Prove that $(1 + \sqrt2)^{2n} + (1 - \sqrt{2})^{2n}$ is an even integer.

Question

Prove that $(1+\sqrt2)^{2n} + (1-\sqrt2)^{2n}$ is an even integer.

I'm not sure how to prove that it is an even integer. What would I do for the Inductive Step? And for the basic step, can I plug in zero and prove something from that?

Answer 1

Base case: $P(0)$ $$ (1 + \sqrt{2})^0 + (1 - \sqrt{2})^0 = 1 + 1 = 2 $$ which is even since $2 = 2\cdot 1$ and of course $1 \in \mathbb{Z}$.

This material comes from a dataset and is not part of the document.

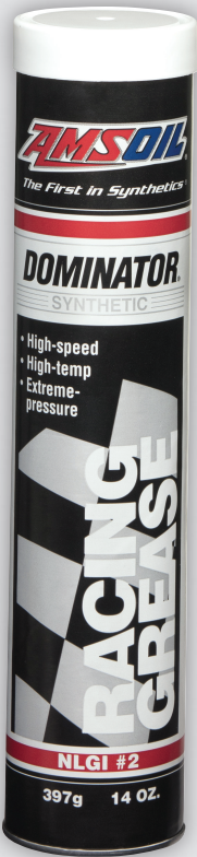
NLGI #2 GC-LB

DOMINATOR Racing Grease contains a robust package of oxidation inhibitors, helping prevent grease breakdown and component surface damage. Its excellent adhesion and cohesion properties allow it to resist water washout during operation in wet conditions. A premium blend of corrosion inhibitors further protects against corrosion formation.
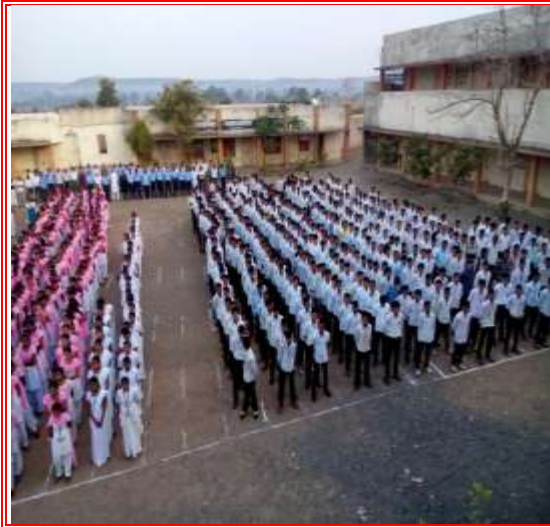
Dress Code for Students and Staff

Inductive step: Assume true for $P(k)$, i.e. $$ (1 + \sqrt{2})^{2k} + (1 - \sqrt{2})^{2k} $$ is true. Show that $P(k+1)$ is true.

Answer 2

Hint: Prove by induction on $k$ that $(1+\sqrt2)^k = a+b\sqrt2$ for some integers $a$ and $b$ such that $(1-\sqrt2)^k = a-b\sqrt2$.

Then set $k=2n$.

You can choose either $k=0$ or $k=1$ to be the base case.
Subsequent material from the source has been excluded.